The letter confirms that the CMA will not be taking any action against the early years sector at this stage but will continue to monitor the sector. For the time being, the CMA is asking providers to consider their contracts and arrangements with consumers and take any necessary steps to ensure they comply with the law. Individual consumers will, of course, still have the option of pursuing a claim against businesses for alleged breaches of consumer law.
The government has announced that more small businesses will benefit from the Coronavirus Business Interruption Loan Scheme (CBILS). Under the scheme, borrowers can apply for up to £5 million in finance in the form of loans, overdrafts, invoice finance, and/or asset finance. The government will guarantee lenders 80% of the loan value, as well as covering the first 12 months of interest payments and fees.

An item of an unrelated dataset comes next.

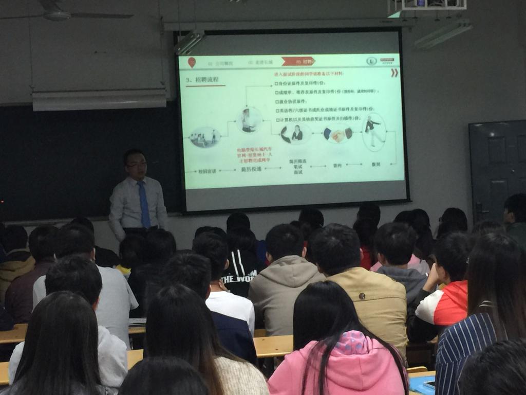 10月20日,公司借助公司教师力量邀请江苏省沭阳县人事局及所属近百家当地企业的部分负责人来公司召开大型专场招聘宣讲会。宣讲会于当天下午14:30在9教101教室进行。会上,瑞声精密电子沭阳有限公司、江苏威拓公路养护设备有限公司等企业先后做了公司招聘宣传,现场气氛活跃。

Under EU State Aid rules, small firms that were classed as ‘undertakings in difficulty’ were unable to make use of the CBILS. Following a considerable amount of UK Government and industry lobbying, the European Commission has now relaxed its State Aid rules. This means that effective 30 July 2020, ‘micro’ businesses with a turnover of less than £9 million and fewer than 50 employees will be exempt from elements of the ‘undertakings in difficulty’ test and can apply for a loan under the CBILS.
Chris Wilford, Head of Financial Services Policy, CBI said:
‘This is an important step that will help more businesses get the critical support they need. These eligibility hurdles have been a real stumbling block for many firms across the UK throughout the crisis. These were put in place to avoid governments bailing out failing companies, but those rules were established in normal times.’
HM Treasury has also made clear its expectation that all accredited CBILS lenders will implement the changes, noting the consequence that businesses whose CBILS applications they have previously declined may now be eligible.